How do you finish grieving a part of yourself that you want to die forever? I love this past Rachael but I hate her all the same. I knew that the only way to let go, to "unstick" myself, to find a happy medium of contentedness instead of skyrocketing up into restricting euphoria or plummeting down into binge-eating depressive despair, I had to give up the old Rachael. I had to stop dwelling on the past.

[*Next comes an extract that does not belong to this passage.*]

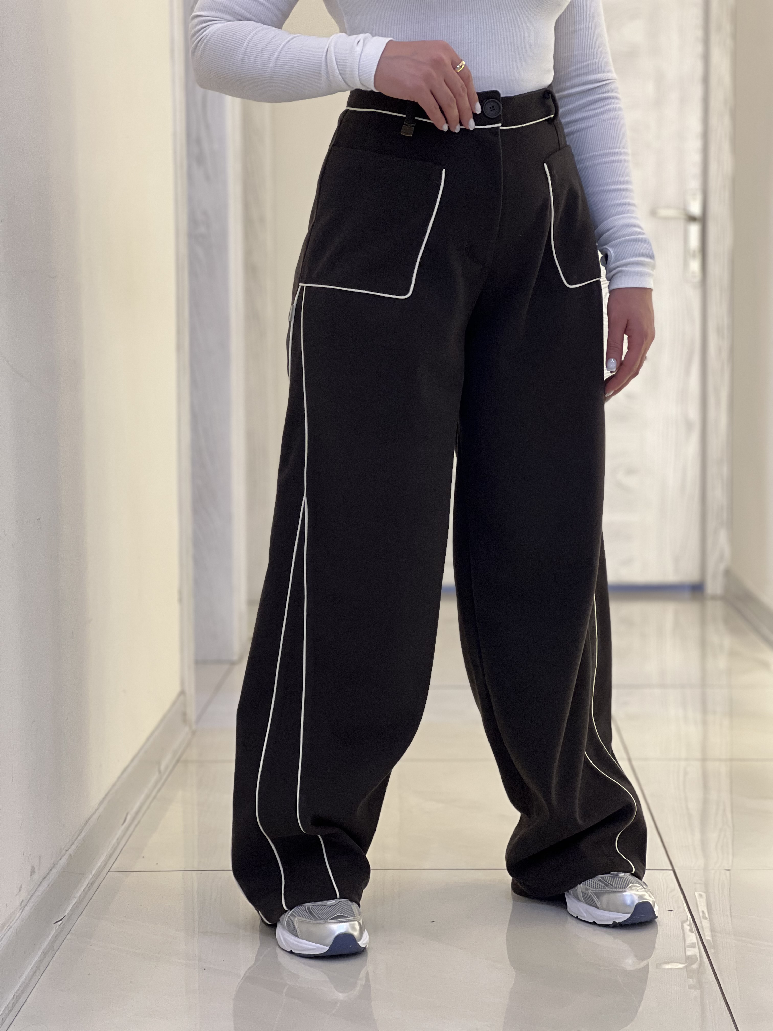 شلوار زنانه مدل بگ فوتر لامر نسکافه ای مغزی دوزی مشکی قد ١١٠

The first thing that comes to my mind when I hear "relationships" is boy-girl lovers; dating, marriage, divorce. And then maybe when we expand from there we think about friendships and family members. When it comes to relationships we often think about our interactions with others, but our relationship to ourselves can be just as important, if not vital and influential to the relationships we harbor around us. If we are not healthy with our internal selves, how can we move on in life and enjoy our time with others? With this demon side residing within me, it made it difficult to go out for drinks with my friends, to enjoy a slice of cake, to go out for ice cream for the fear of temptation and guilt afterward. But to "unstick" myself I knew I had to pull away from the old Rachael at last, to not dwell on her thoughts of, Lets get us back to where we used to be, and the past you was so much better.
We will get her back.
I am not that past Rachael. But I am also not the fictional 30-pounds-less-again-future-Rachael. I have to focus on the present, to live in the moment. I have to be okay with who I am right now, without a thought towards future weight-loss or dwelling on the past and hating myself for "messing up" by gaining the weight. I know that to be the best person I can be I must either fix this relationship within me or finalize its death at last.
If I want to live again, that old, destructive self must die.